Detroit once ruled the automotive universe. This was the city that created the assembly line and the mechanisms of automotive desire: the model-year change, inspirational styling, and marketing tricks drawn straight from the Mad Men playbook.
The Big Three were masters at stoking the flames of consumer desire: By the time Detroit was done, self-respecting consumers wanted a new car every year. And Detroit's greatest win of all time was the Ford Mustang. It hit the market on April 17, 1964, two months after the Beatles appeared on The Ed Sullivan Show, and was an instant, runaway smash.
Like the Fab Four, the Mustang would leave an enduring mark. In my case, the mark was a literal one that took more than a dozen sutures to close. When I was 12 years old, my dad's cousin took me for a ride in her new Mustang and crashed into an oncoming car. The Mustang had no shoulder belts. When I was thrown forward, the sharp edge of the distinctive dash ripped open my scalp like a giant tomahawk. A doctor saved my life, but to this day, I carry a long scar beneath my hairline.

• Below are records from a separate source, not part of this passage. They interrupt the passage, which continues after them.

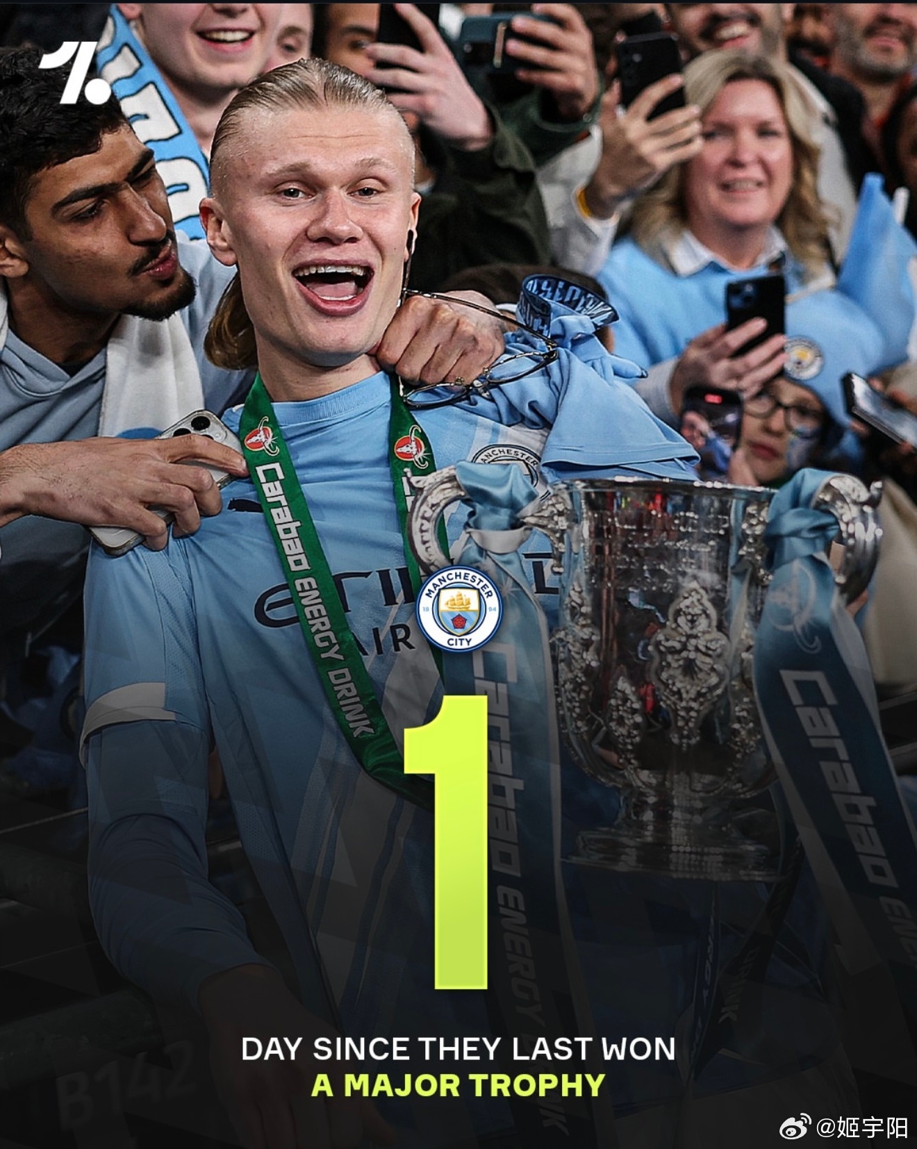 图中的数字,分别是他们上一次重要赛事夺冠之后,到现在的总的天数。是按照英国当地时间,今早一觉醒来计算的。阿森纳是 2060 天。西汉姆是 1020 天。曼联是 667 天。纽卡斯尔是372 天。利物浦是329 天。水晶宫是309 天 。热刺是305 天。切尔西是252 天。曼城是 1 天。
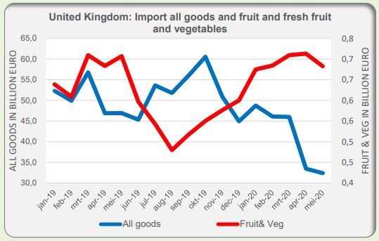 Naar waarde gezien was de Britse import van verse groenten en fruit in alle vijf de eerste maanden van dit jaar echter vrijwel gelijk aan vorig jaar. De totale Britse goederenexport was in euro’s uitgedrukt voor de crisis al kleiner dan vorig jaar, maar in april en mei duikelde de goederenimport met bijna een derde ten opzichte van dezelfde maanden in 2019.
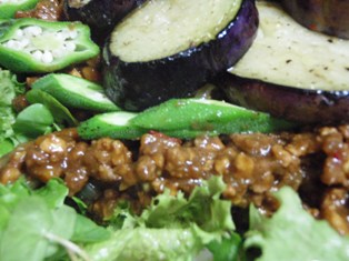 ちょっとはまっちゃいました。キーマドライカレー。挽肉と玉ねぎ、にんじんをみじん切りして炒めてから鶏出汁で煮込み、市販のカレールーをいれ、水分がある程度なくなるまで炒め、ベースは出来上がり。ご飯をよそって、ベランダで収穫したレタス、そばの芽を周りにあしらって、カレーを盛り、トッピングにオクラを湯がき、ナスをソテー。そして混ぜ混ぜして食べる。これがメチャメチャうま~い!!「夏野菜とサラダ仕立てのキーマカレー」どこかのメニューにできる代物ですぞ。オクラとナスはこれからベランダでたっぷり収穫できるとして、レタス・・・撤収しちゃったからなあ~今度はサラダ菜でやってみよう。
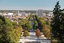 ![]() ![]() ![]() ![]() ![]() ![]() ![]() ![]() De haut en bas et de gauche à droite: les arènes de Nîmes ; la maison Carrée ; l'hôtel Bézard ; la Cathédrale Notre-Dame-et-Saint-Castor de Nîmes ; la tour Magne ; l'église Saint-Paul ; les arènes et la grande roue ; le palais de justice. |

Even so, I loved the original Mustang. It was a summer day on wheels. It was the spirit of America, captured in sheet steel, rubber and chrome. Then I drove one again. In the mid-60s, the Mustang was performance defined. But a recent ride in a 1966 model reminded me of what an agricultural product the Mustang actually was: The brakes were weak, the steering was vague, and the acceleration was worse than a modern Toyota Corolla. In the sepia-toned halls of my youthful memory, the 1966 Mustang was a taut, high-performance machine, thrumming with power. But in the cold, hard light of the present day, the old Mustang is something else again.
Nevermind. To compare a vintage Mustang to a modern car misses the point. Like the Beatles' first songs, the original Mustang captured the zeitgeist. As America reached for the moon, this was its car. In the first six months after its release, Ford sold more than 126,000 Mustangs. In 1965, it sold more than 559,000.
A couple of years ago, I spotted a mid-'60s Mustang parked on the street in a California surf town. It had a few dents, but it still looked great, and a flood of memories came back. Most cars are forgettable, but the Mustang is an iconic reminder of a spectacular era.
The Mustang has the timeless, classic appeal of a Rolex watch, a Chanel jacket, or Audrey Hepburn. Which makes it even more amazing when you learn how it was created. The Mustang was not an exotic machine. Instead, it was a rough-and-tumble consumer product, with style that had to meet a strict price point (the marketing department decreed an advertised list price of $2,368). Meeting this target meant that high-end components and advanced design were out. Almost every part of the Mustang came from other Ford models, primarily the humble Falcon economy car.
Under Ford division chief Lee Iacocca (who would later move to Chrysler, and bring us Corinthian leather, opera windows and Ricardo Montalban commercials), the Mustang's engineers and stylists created industrial alchemy, making automotive gold from leaden ingredients. By stretching the Falcon's hood and shortening its rear deck, they made an automotive profile that would go down in history: The Mustang whispered speed and sex; it looked like a wheeled quarter horse.
The 1964 Mustang rolls through our collective imagination. We all know it. In our mind's eye it races endlessly through an American landscape in a contrail of sunlit dust. It is much more than a car; it is a cultural icon, and a symbol of American ingenuity and style. No car in history sold faster, or addressed more mid-life crises. It launched the pony-car movement.
When a friend quit school so he could make the payments on a 1969 Mustang Boss 302, the rest of us quit school too, and enslaved ourselves to Mustang payments. Such was power of the Mustang dream. But time waits for no one, not even the Mustang. After test driving a long series of them, including a restored 1966 model, I realized that the world had moved on, and that the original pony car was now a cultural artifact that belonged to a bygone era, along with the Gemini space capsule, Playboy magazine, and Elvis Presley.
And yet its appeal was undiminished. The '66 still looked great. It turned heads. But the world had moved on. America made it to the moon long ago, and the dream car of today may not even have a gas engine. I enjoyed driving the 1966 Mustang, but was happy to give it back when the ride was over. Thomas Wolfe was right: you can't go home again.